Position in the GIA scale
The GIA D-to-Z scale describes the absence of colour in a near-colourless or yellow-to-brown diamond. D is colourless; the alphabet runs descending through E, F (colourless), G, H, I, J (near-colourless), K, L, M (faint), N through R (very light), and S through Z (light). At Z the conventional scale terminates and any further saturation reclassifies the stone as fancy light yellow or fancy yellow under the separate fancy-colour grading system. The system was developed by Richard Liddicoat and colleagues at GIA in the early 1950s and has been the dominant international standard for diamond colour grading ever since.
R falls in the lower part of the very-light band. A trained grader using master stones in standard daylight-equivalent illumination will identify the R tint as distinctly more saturated than the higher very-light grades, and the colour is generally visible face-up in stones above approximately half a carat. Grading is done table-down against a calibrated set of master diamonds in a colour-neutral viewing environment; the grader compares the unknown stone to the masters and assigns the grade closest in saturation.
Setting and trade context
R-colour diamonds are uncommon in fine jewellery retail. Where they do appear, they are typically set in yellow or rose gold to minimise the perceived contrast between metal and stone — a colourless mounting in white gold or platinum exaggerates the body colour, while warm-toned mountings absorb it visually. The price differential between near-colourless grades and R is significant: a one-carat R-colour stone in commercial qualities trades at a fraction of the price of an equivalent G or H, with the relationship steepening at larger sizes.
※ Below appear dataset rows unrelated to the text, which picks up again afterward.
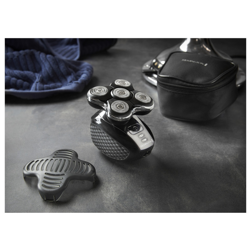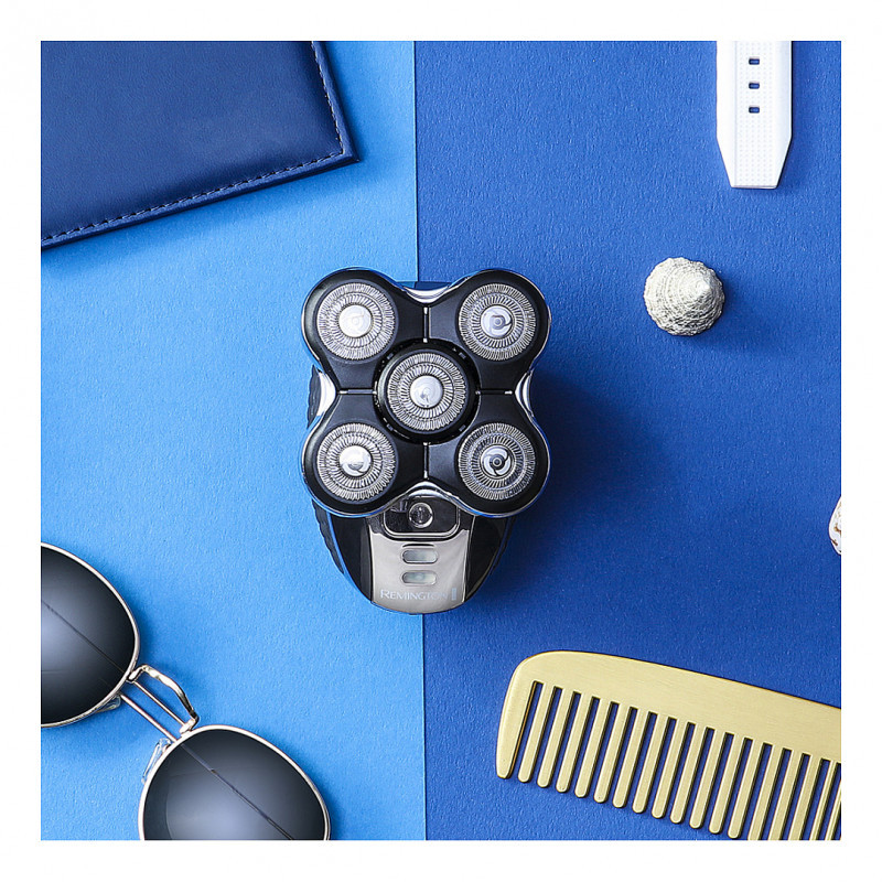 "Remington XR1500. Product colour: Black, Body grooming attachments: Head shaver, Minimum hair length: 0.2 mm. Power source: Battery, Operating time: 50 min, Battery recharge time: 2 h. Package type: Box"\n"The Ultimate Series RX5 Head Shaver delivers skin-close results in less than 2-minutes with 5 Cutting Heads, for fast and easy head shaving.
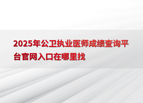 2025年公卫执业医师综合考试成绩预计在9月公布,考生可通过国家医学考试网(http://www.nmec.org.cn/)首页“成绩查询入口”进入系统。
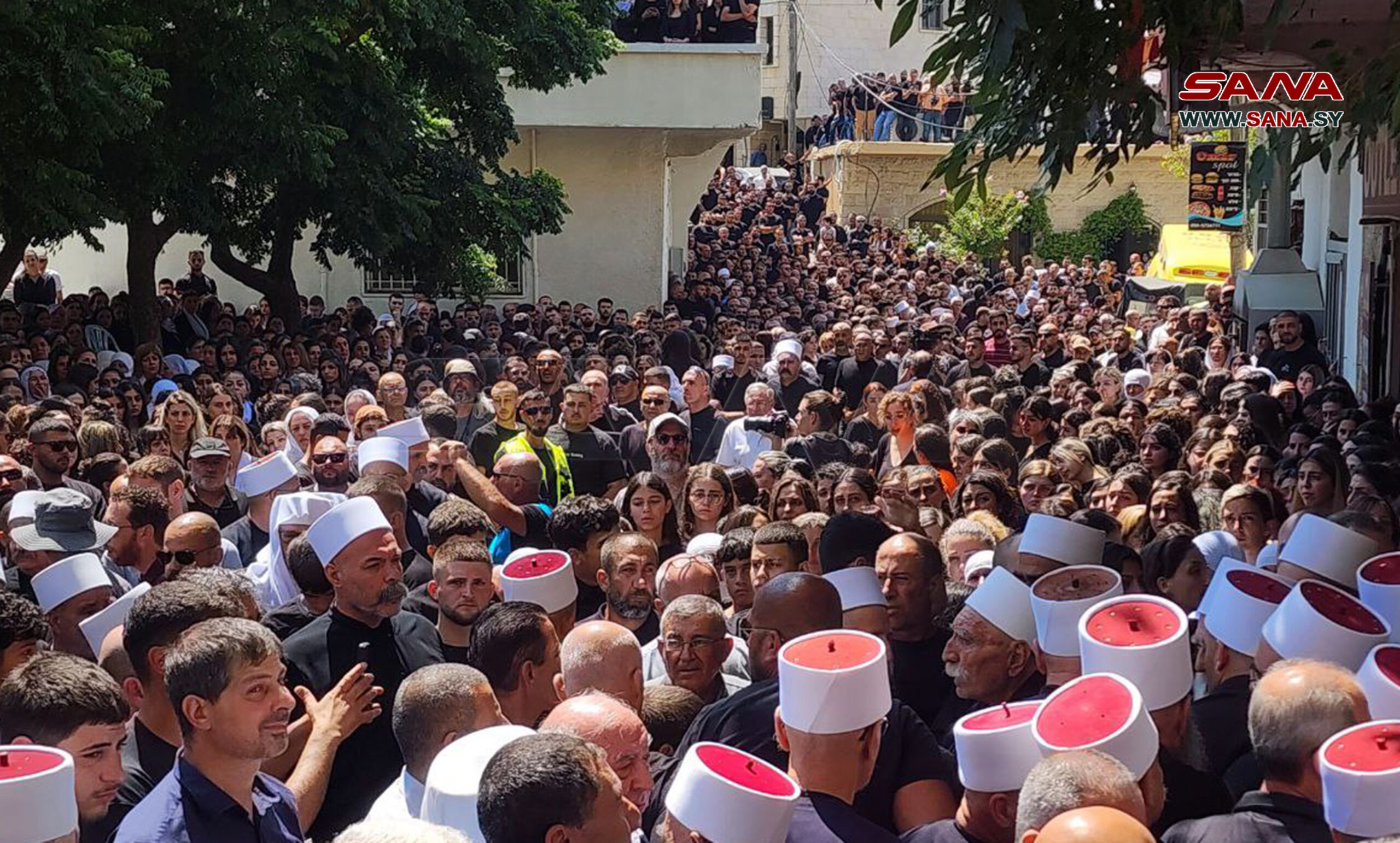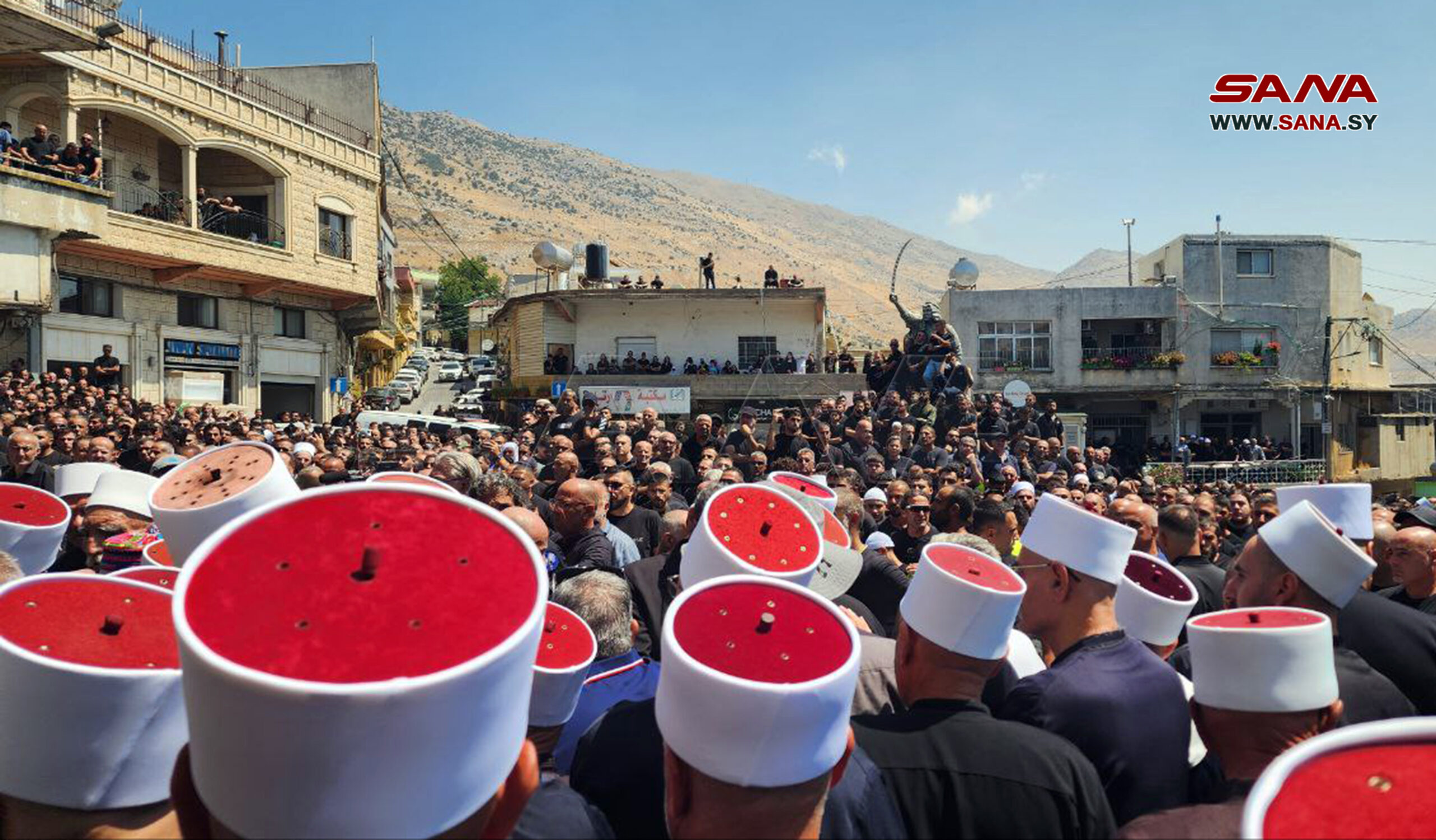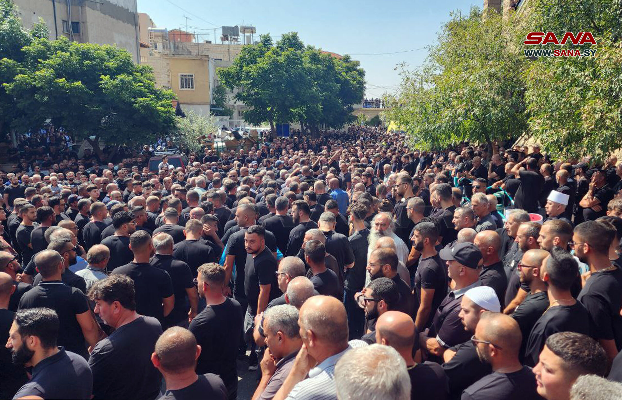 El Golán sirio ocupado, 28 jul (SANA) Los sirios golaneses se congregaron hoy en la ocupada localidad de Majdal Shams en el Golán sirio ocupado, para despedir a las víctimas mortales de la masacre cometida por el ocupante israelí contra en un campo de fútbol.

The R grade is more commonly encountered in old-cut stones from antique jewellery, where colour was historically less prioritised than cutting quality, than in modern commercial production where lower-colour rough is increasingly steered toward fancy-colour treatment programmes or industrial use. R-colour rough may also be subjected to high-pressure high-temperature (HPHT) treatment to remove brown tint and produce stones grading several positions higher; the treatment is permanent but must be disclosed under standard trade terms.
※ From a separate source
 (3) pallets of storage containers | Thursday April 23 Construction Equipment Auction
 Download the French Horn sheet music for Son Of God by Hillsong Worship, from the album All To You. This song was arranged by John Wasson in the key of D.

Distinguishing R from adjacent grades
R is bordered above by Q and below by S. The visual differences between adjacent grades are subtle and not reliably distinguishable by the unaided eye in mounted stones, even for experienced graders working without master comparison stones. For this reason, point-grading — the practice of writing a colour grade as a fractional offset from a letter — is not part of GIA practice; the laboratory issues a single-letter grade and does not differentiate within the band.